Sound network jitter TCP QUIC single QUIC multi
stdev (run 1) 80ms 109ms 20ms
stdev (run 2) 98ms 157ms 17ms
max (run 1) 817ms 1249ms 193ms
max (run 2) 708ms 1906ms 147ms

Single-stream QUIC is worse than TCP on cellular — H3's single stream has
stricter in-order delivery than TCP's kernel-level buffering. Multi-stream
eliminates this entirely: 4-5x better than TCP, 6-8x better than QUIC-single.

On WiFi/LAN with sufficient bandwidth, all modes perform equivalently since the
congestion window never fills.

  • Raw QUIC streams replace push promises — each substream is a raw QUIC
    bidirectional stream identified by a "xpra:<type>\n" header prefix,
    allocated via _quic.get_next_available_stream_id() and send_stream_data().
    Push promises were fundamentally limited by the H3 push ID pool; raw streams
    have no such limit.
  • Per-stream parse state isolationParseState class (with __slots__)
    holds independent reassembly state per stream in the parse thread, preventing
    interleaving corruption when draw and sound data arrive simultaneously on
    different streams.
  • Stream priority reordering — aioquic iterates _streams in dict insertion
    order with no priority mechanism. When video bandwidth spikes (e.g. window
    resize, 2→100 Mbps), the video stream consumes the entire congestion window,
    starving audio and input. _prioritize_streams() reorders the dict after each
    allocation: control streams first, then input (key, pointer), audio (sound),
    and bulk data (draw) last.
  • Client→server substreams — keystrokes and pointer events bypass the main
    WebSocket write queue via dedicated QUIC streams, preventing input latency
    spikes when the queue is congested with clipboard or ack packets.
  • TLS error surfacing — override datagram_received() to catch TLS/OpenSSL
    exceptions and resolve the connected waiter immediately instead of hanging
    until timeout with no error message. Both fast-open and non-fast-open paths
    use asyncio.wait_for() with the connect timeout.
  • certifi CA fallback — for frozen Windows builds where the OS cert store
    isn't accessible to pyOpenSSL, falls back to certifi.where() and checks
    relative to the executable directory.
  • Zombie connection cleanupConnectionTerminated event handler,
    _close_dead_connection() on write failure, and 60s read timeout loop ensure
    the xpra disconnect chain fires reliably when a peer dies.
  • UDP buffer sizing — 4 MiB send/receive buffers reduce packet drops during
    Python GIL pauses.
  • HOL blocking benchmarktests/scripts/test_quic_hol.py connects as a
    real QUIC client and measures inter-arrival jitter with and without substreams
    enabled. Compares TCP, QUIC-single, and QUIC-multi in sequential or parallel
    (--parallel) mode.

Why raw QUIC streams instead of H3 push promises

The existing substream stub used send_push_promise(), which maps to HTTP/3
server push. This has two problems: (1) the push ID space is limited and
exhausted quickly, causing NoAvailablePushIDError after a few streams, and
(2) push promises are semantically wrong — they're meant for speculative
resource delivery, not bidirectional data channels. Raw QUIC streams have none
of these limitations and are what the QUIC transport was designed for.

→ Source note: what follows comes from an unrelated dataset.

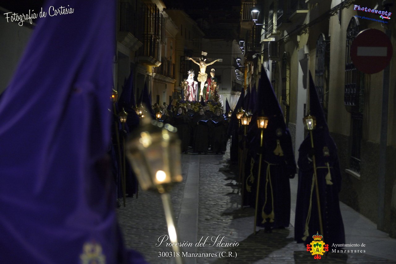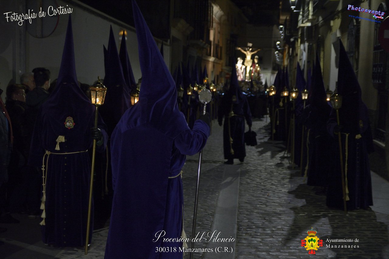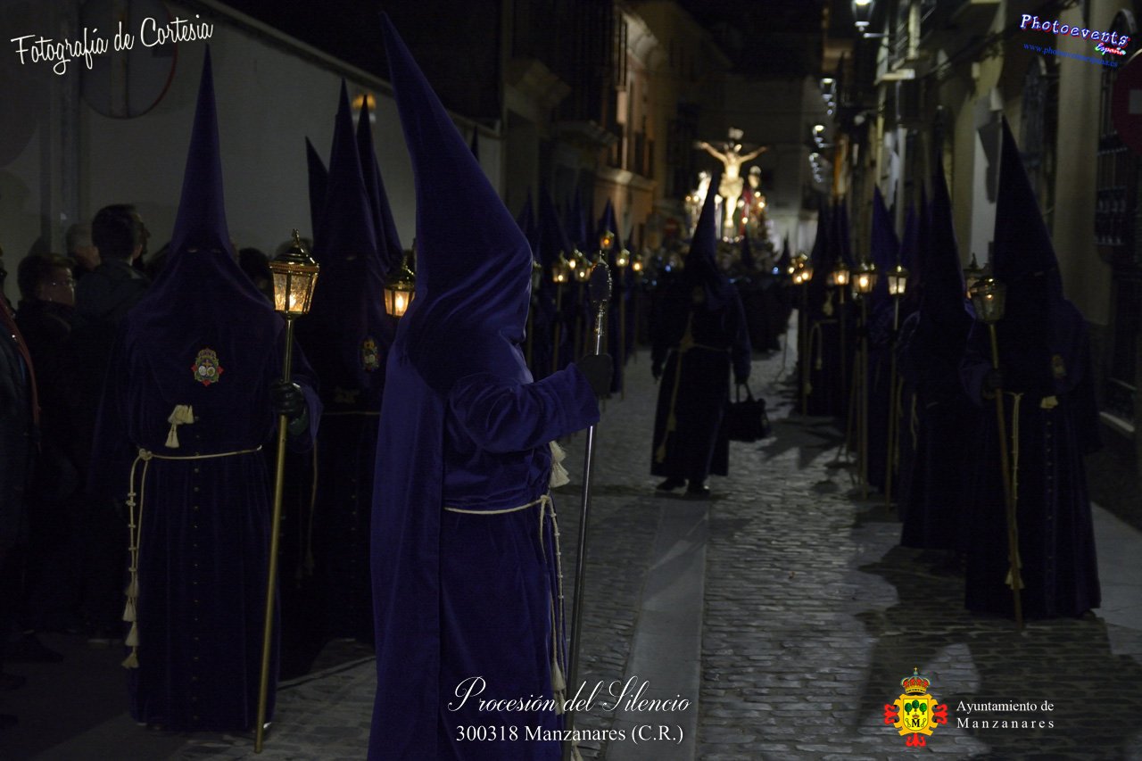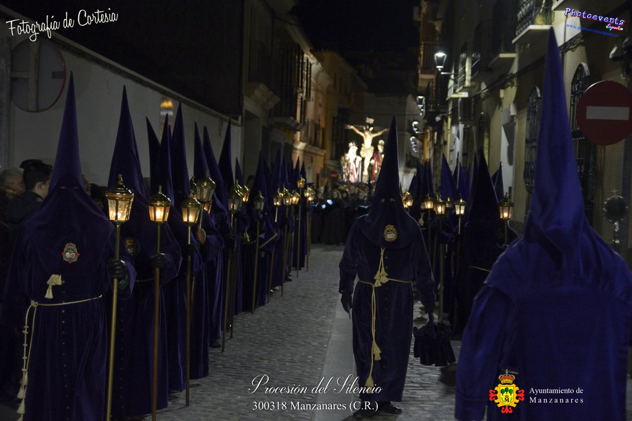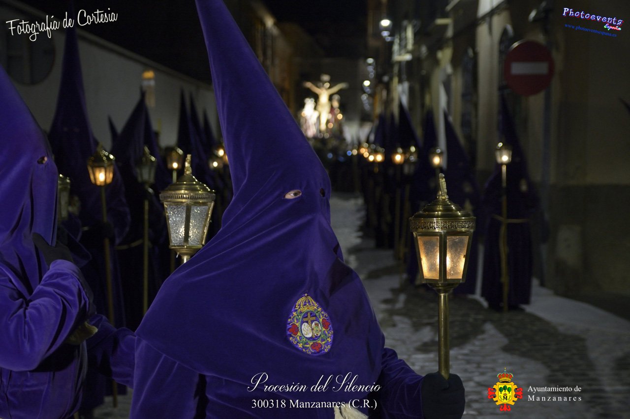 Fotografías realizadas durante la procesión del Silencio que ha tenido lugar el viernes 300318, con motivo de los actos a celebrar durante la Semana Santa en la localidad de Manzanares , Ciudad Real.

Why WS framing is stripped in do_write() instead of conditionally skipped

The WebSocket frame header (make_wsframe_header) is added by the format thread,
but the stream routing decision happens on the asyncio thread. A conditional
"don't add framing for substreams" check in the format thread would race with
the stream allocation on the asyncio thread. Instead, framing is always added
(no cross-thread coordination needed), and _strip_ws_header() removes it in
do_write() for substream writes, which is already on the asyncio thread.

Why accessing aioquic private attributes

_prioritize_streams() reorders _quic._streams, and the TLS error path reads
_connected_waiter and _close_event. aioquic provides no public API for stream
scheduling or error reporting during handshake. aioquic itself uses these
attributes the same way internally. The access is wrapped in try/except so a
future aioquic refactor degrades gracefully rather than crashing.

Configurable via environment variables:

  • XPRA_QUIC_SUBSTREAM_PACKET_TYPES — server→client (default: sound,draw)
  • XPRA_QUIC_CLIENT_SUBSTREAM_PACKET_TYPES — client→server (default: key-,pointer)

Addresses #3854. Partially addresses #4202 (stream priority is a first step
toward congestion-aware scheduling), #4663 (zombie cleanup and TLS error
surfacing fix silent connection drops), #3850 (TLS errors now surface
immediately instead of idle timeout).

🤖 Generated with Claude Code

Sponsored-By: Netflix

andrewachen and others added 3 commits April 10, 2026 13:55
The substream feature was disabled in May 2023 because HTTP/3 push
promises exhaust the limited push ID pool. Replace with raw QUIC
streams via _quic.get_next_available_stream_id() and send_stream_data().

Each substream is identified by a type prefix ("xpra:<type>\n"). Both
server and client intercept StreamDataReceived before H3. Stream
allocation is deferred to the asyncio loop. WS frame headers are
always added by the format thread and stripped in do_write() for
substreams, eliminating a cross-thread race condition.

Server: allocate substreams, register with listener, route writes.
  Write failure detection for zombie connections and ConnectionTerminated
  cleanup handler.
Client: detect server-initiated substreams, parse type prefix,
  route to put_raw_substream_data.
Listener: pre-H3 interception, substream registration, zombie cleanup.

Audio pipe bypass split to separate PR.

Enabled by default for sound and draw packet types.

Closes Xpra-org#3854 (substreams part)

Co-Authored-By: Claude Opus 4.6 (1M context) <noreply@anthropic.com>
Sponsored-By: Netflix
ParseState class (with __slots__) holds per-stream reassembly state in
the parse thread. Queue entries are tagged (stream_id, data) tuples.
Each QUIC stream gets independent header/payload/raw_packets state,
preventing interleaving corruption when draw and sound data arrive on
different streams.

Connection: _raw_read_cb callback delivers substream data to
substream_read_queue_put(), bypassing WebSocket framing. Read timeout
(60s) and _close_dead_connection() for zombie cleanup.

WebSocket protocol: wires _raw_read_cb to substream_read_queue_put
during init. WS framing always added by format thread (no race-prone
is_substream_packet check removed).

Audio pipe bypass split to separate PR.

Co-Authored-By: Claude Opus 4.6 (1M context) <noreply@anthropic.com>
Sponsored-By: Netflix
Substreams require quic.substreams in the hello exchange. Server starts
disabled and enables in hello_oked() when the client advertises support.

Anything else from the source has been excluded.